Howells: Requiem & Other Choral Works (CD Review - Gramophone Magazine, 2012)

Will only male choirs do for Howells's sacred music? So previous commentators have insisted, though only the most rigid epigone would say the same for the cantatas of Bach. By the same token, well-enunciated American English isn't out of place, especially when Massachusetts-based Gloriae Dei Cantores sing a work written for Washington National Cathedral - a late and unfinished Te Deum, at that, and like the Dallas canticles more tonally stable than their earlier counterparts written for English cathedrals. Much as I welcome John Buttrey's completion of this gently persuasive setting, my reservation is more basic and concerns breadth of tone. Parallel semitones (the opening of the Chichester Magnificat), simple psalms (No 23 from the Requiem) and bold unisons (in the Te Deum) don't make the intended effect and stray preilously away from the note (too often under it, in the case of the sopranos) when the vibrato is wide and the recorded balance diffuse. Unless you're in the middle of this music, singing it, you can often strain to catch the detail, whether heard on record or in church, and the wide dynamic range required can be more help than hindrance.

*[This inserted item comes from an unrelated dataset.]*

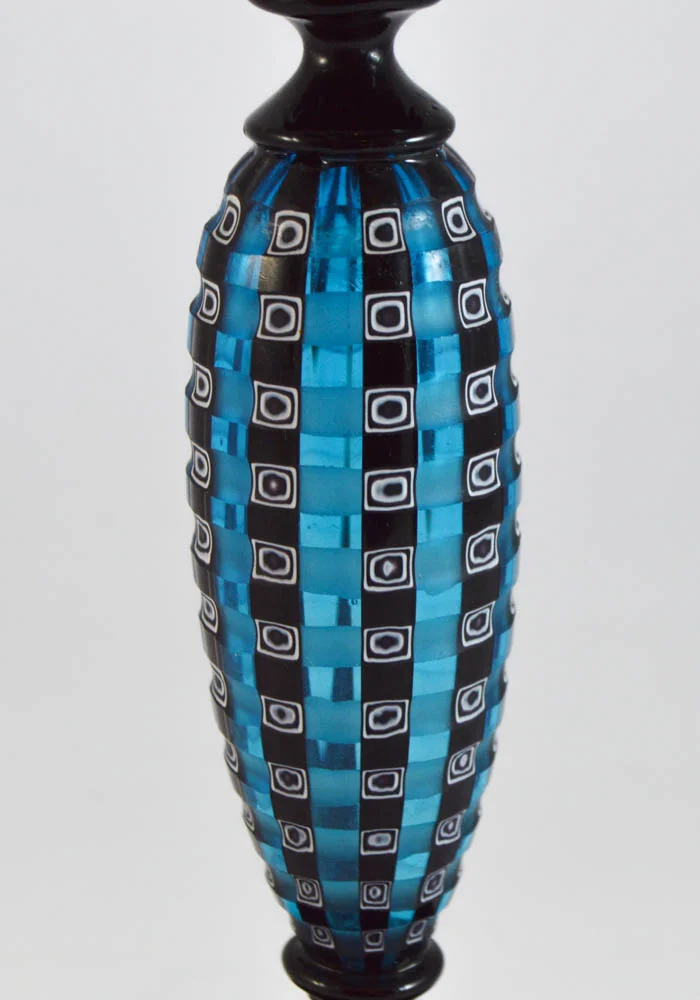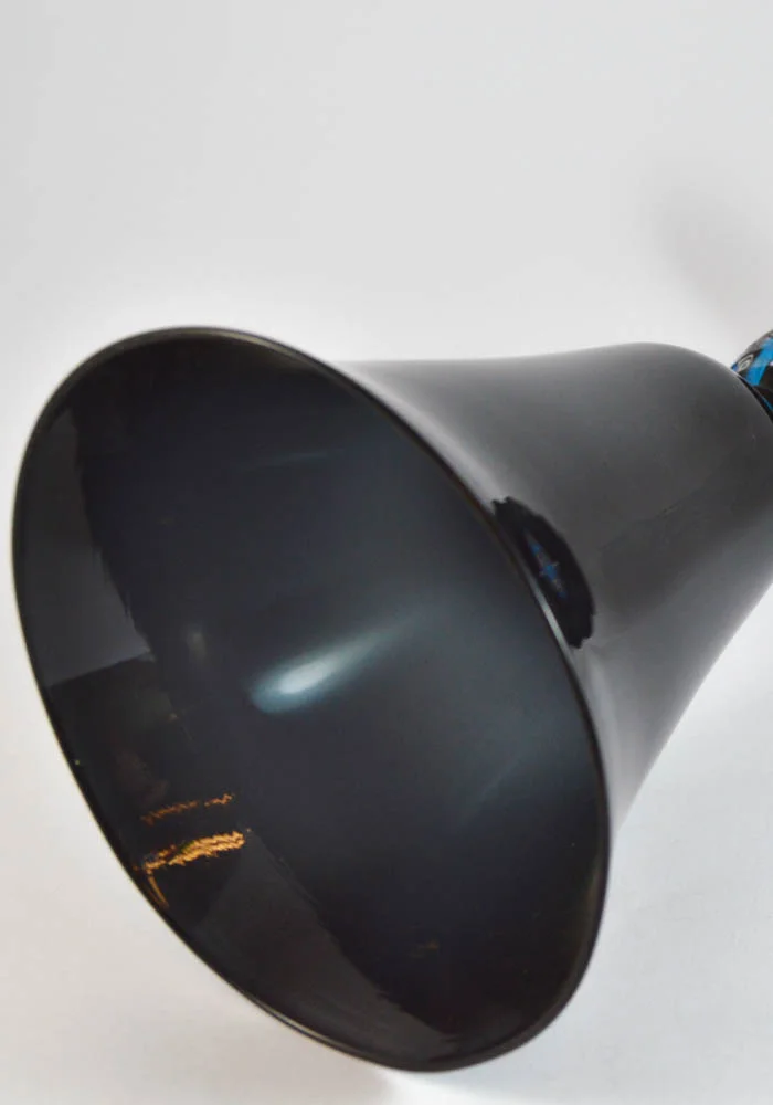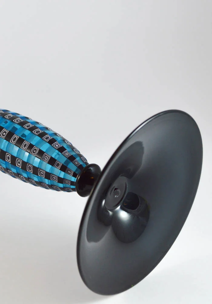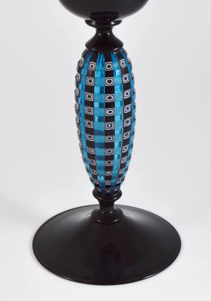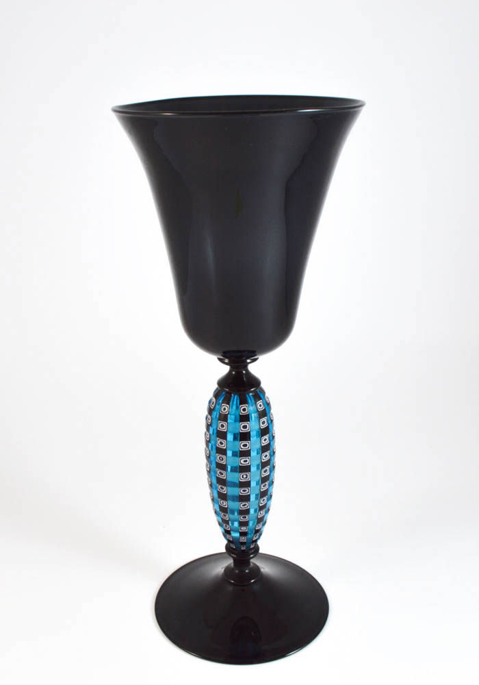 Elegantissimo calice in vetro Murano color nero e battuto (inciso) a freddo nel gambo blue con murrine. La lavorazione del vetro battuto viene eseguita da artisti dell’incisione a freddo, procedimento molto lungo e meticoloso. Pezzo di alta qualità unico nel suo genere. L’opera viene firmata dal Maestro.

Hyperion's disc, then, is all the more impressive for dispelling the clouds of dissonance that have given Howells the bad name of a meandering mystic and letting us hear what a fine ear he had, not just for the juicy suspension or overpowering cadence but for deft two-part harmony, as one finds throughout the understated Gloucester Canticles. The Choir of Trinity College, Cambridge, is ideally pure and full in tone. The grand hymns and canticles are extrovert and focused, the intimate supplications such as Take him, earthsung with great poise.

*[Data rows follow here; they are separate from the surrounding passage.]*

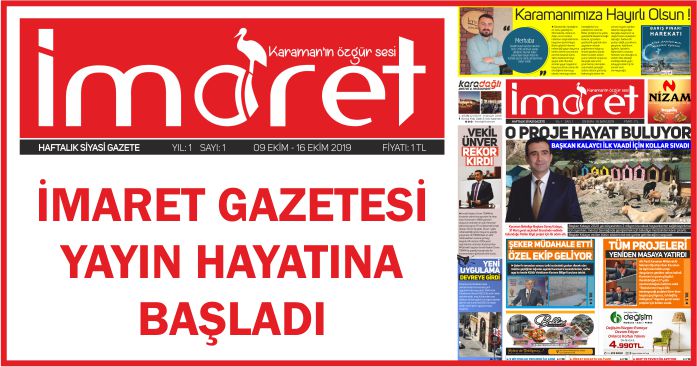 Karaman'da 2016 yılından bu yana internet haber yayıncılığı yapan İmaret Medya grup haftalık gazete yayınına başladı. İmaret gazetesi Karaman'da haftalık çıkan 6 gazetenin yanı sıra bundan böyle 1500 traj ile gündeme dair haberleri her hafta okuyucularına ulaştıracak.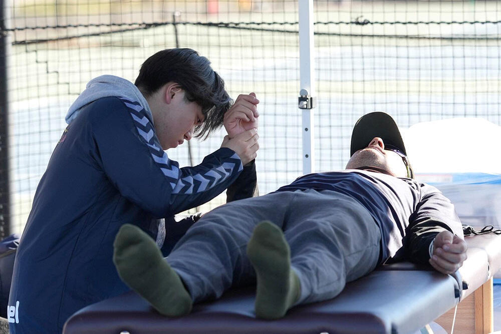 スポ研の学生たちはブース運営だけではなく、試合中のボールパーソンとしても活躍しました。さらに、スポ研の卒業生も会場に駆けつけ、学生たちへ指導をしてくれました。学生たちは選手の体に触れながら、OBや工藤教授からコンディショニングについての指導を受けていました。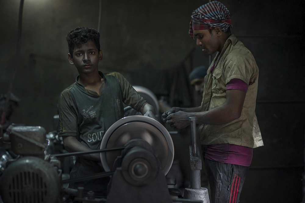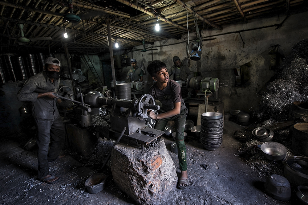 One never stops in the aluminum pot factories in Dhaka, Bangladesh. In less than 40 seconds a flat sheet of aluminum becomes a saucepan. It's a hard and dangerous work as the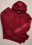 You know we love a matching moment. Show off your holiday drip in this must-have satin hoodie and jogger set.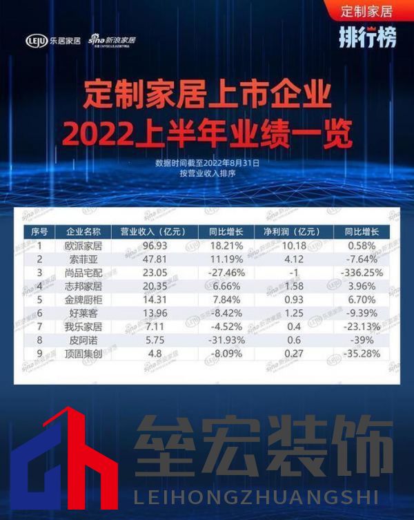 ??新浪定制家居訊 截至目前,九家上市定制家居企業(yè)已悉數(shù)發(fā)布“2022年上半年度業(yè)績報告”,歐派家居以營收、凈利潤雙料第一穩(wěn)居行業(yè)榜首。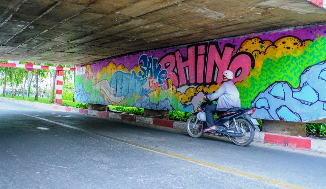 | Những bức tranh graffiti mang thông điệp về việc bảo vệ tê giác trên nhiều đường phố Sài Gòn |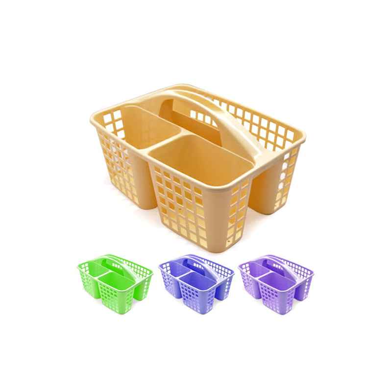 Корзина органайзер з ручкою містка і надійна, ідеально підійде для зберігання побутової хімії, витратних матеріалів або інших дрібних речей. З кошиком органайзером миючі засоби, губки, пакети, інструменти та інші необхідні речі будуть завжди під рукою. Стінки органайзера з ручкою мають отвори для циркуляції повітря. Універсальний кошик органайзер з ручкою виготовлений з міцного, високоякісного, кольорового пластику, безпечного для здоров'я.

Comparisons can flatter to deceive but, by the side of the Trinity choir's Requiem, the Choir of St John's sounds too quick, the Vasari singers too distant, the Cambridge Singers a little plain; even my previous favourite, the Corydon Singers, don't alight on chords with quite the full and alert appreciation of what makes Howells Howells, that impassioned, modally inflected application to the personal and the numinous which reminds me more of Bruckner than Stanford. How good it is to hear the St Paul's Service not swallowed up by the dome of that cathedral but still buttressed by a mighty Willis beast, belonging in this case to Lincoln. In a recital of many highlights, I have returned again and again to the St Paul's Nunc dimittis: spaciously paced and surely directed towards a ritardando of almighty breadth more associated with the ambivalent Catholic Mahler than the equally ambivalent Protestant Howells. This is a perfect disc of its kind.